Fauci was in many ways shaped by the HIV/AIDS epidemic that began to spread in the United States when he was appointed director of NIAID. It has faced fierce criticism from HIV activists, who have accused the government of moving too slowly with treatment and of ignoring a health crisis that mostly affects gay men.
But Fauci eventually worked with activists to refine the treatment and make it more widely available to patients suffering from the disease, which in its early years killed nearly everyone who contracted the virus. Since then, HIV/AIDS treatment has made it possible to live a long and otherwise normal life with the virus.
But Fauci faced an entirely different kind of challenge during the coronavirus pandemic.
Although Fauci has always been well-known, the coronavirus pandemic has propelled him to national and global fame, especially after he publicly contradicted Trump about potential treatments for Covid-19 and the threat the virus poses. Trump and some of his aides began publicly criticizing Fauci and even called for him to be fired toward the end of Trump’s term.

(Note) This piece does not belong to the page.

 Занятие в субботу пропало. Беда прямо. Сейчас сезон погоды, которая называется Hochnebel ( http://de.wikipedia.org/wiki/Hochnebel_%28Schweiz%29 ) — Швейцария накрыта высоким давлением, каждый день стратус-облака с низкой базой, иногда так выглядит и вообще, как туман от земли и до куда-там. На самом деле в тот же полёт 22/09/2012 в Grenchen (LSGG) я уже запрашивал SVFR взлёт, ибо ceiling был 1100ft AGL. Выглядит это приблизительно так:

After Trump tried to downplay and ignore the virus and effectively allowed it to spread unchecked before vaccines and treatments became widely available, Biden took a different approach, working to implement policies to bring the virus under control. But the Biden administration suffered several defeats in the federal courts and at the Supreme Court. A policy that would have required businesses with more than 100 employees to implement a vaccine or test requirement was blocked by the Supreme Court, and a federal court struck down a federal mandate to wear masks on public transportation.

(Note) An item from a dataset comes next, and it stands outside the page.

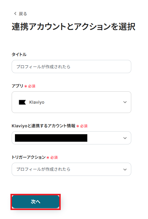 Klaviyoと連携するアカウントに間違いがないかを確認し、「次へ」をクリックしましょう。
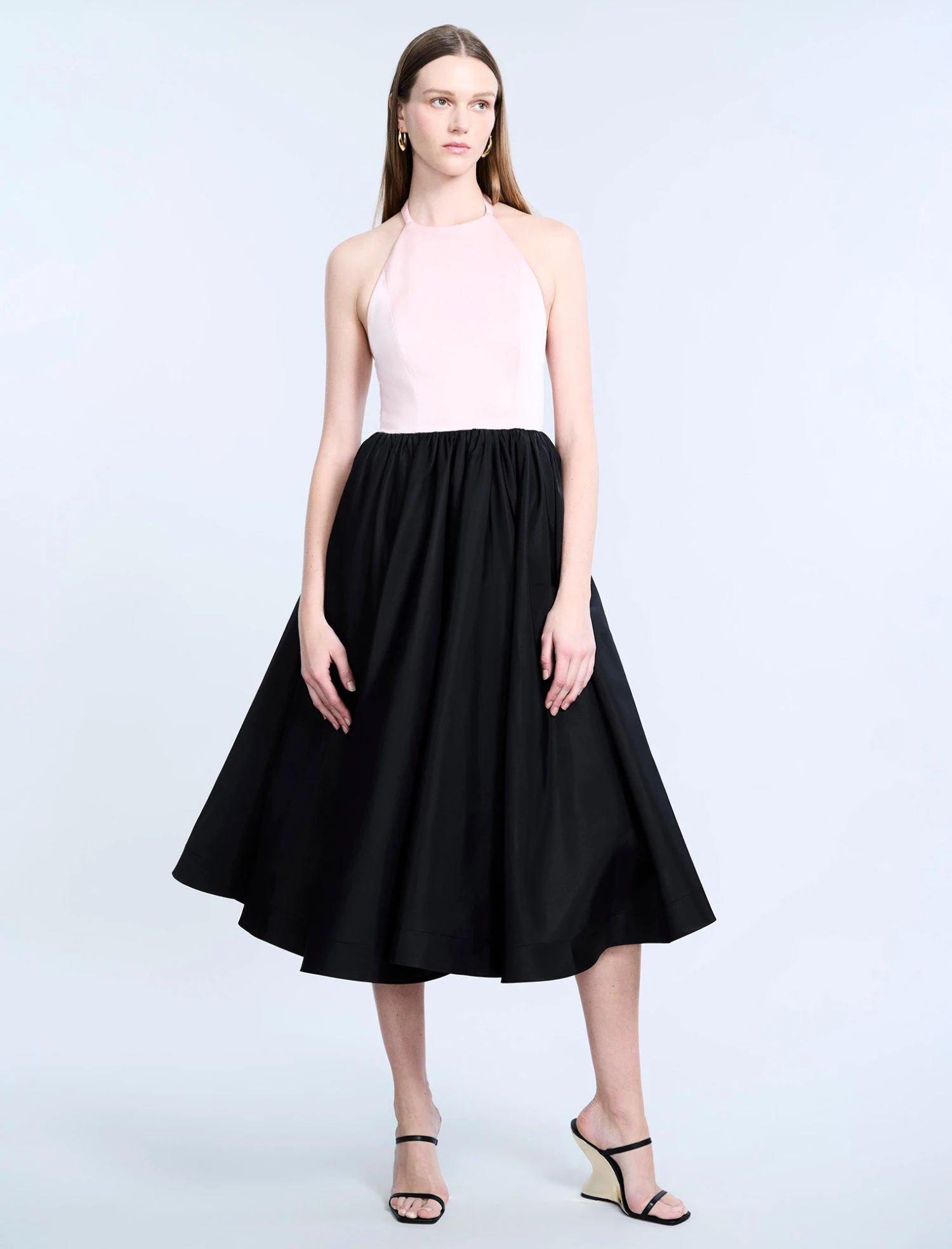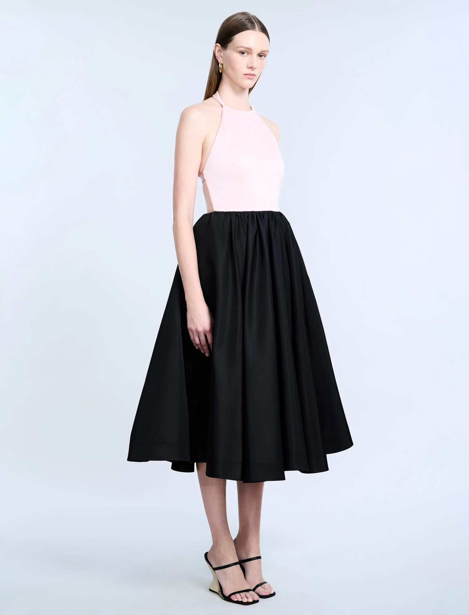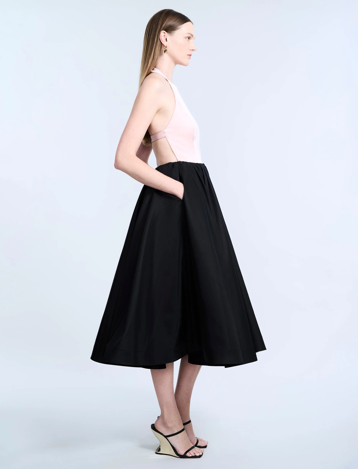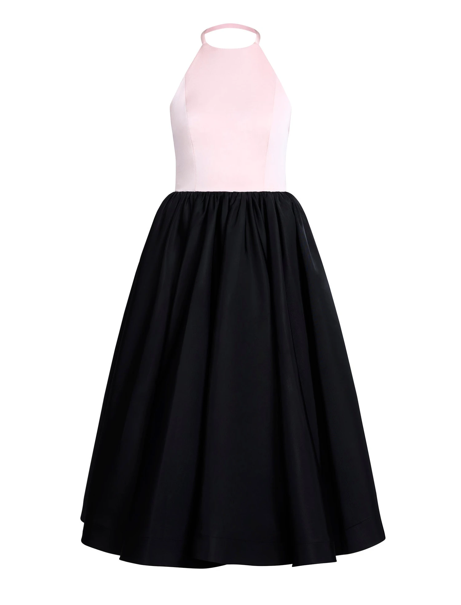 Statement halter dress with modern contrast appeal. This bold midi dress features a structured halter bodice in soft blush satin contrasted by a voluminous black taffeta skirt. The open back and gathered waistline add drama, while side pockets keep it grounded in functionality. A standout option for weddings, summer soirées, and gallery nights.

Fauci’s support for Covid mitigation measures, such as the early 2020 lockdown and mask and vaccine mandates, has made him something of a boogeyman for Republican lawmakers who have opposed almost all efforts to control the virus. Several Republicans, including Sen. Rand Paul (R-Ky.), Rep. Jim Jordan (R-Ohio) and Rep. Roger Marshall (R-Kan.), have fiercely targeted Fauci, in some cases spreading misinformation about his work and even they baselessly accuse him of being responsible for the pandemic.
Republicans are expected to win control of the House of Representatives in November, and several have vowed to launch investigations into the NIAID director. Fauci told The Post in March that he was worried about the possibility that Republicans could take back Congress and launch investigations into his work.
“It’s the Benghazi hearings again,” Fauci said at the time, referring to the GOP-led investigations into Hillary Clinton’s State Department leadership during the 2012 attacks on US compounds in Libya. That lengthy investigation turned up no new evidence of wrongdoing by Clinton, but it was a staple of the conservative media for years.
“They’re going to try to bash me in public and it’s going to be nothing,” Fauci added. “But it will distract me from my work as I am doing it now.”
Dan Diamond contributed to this report.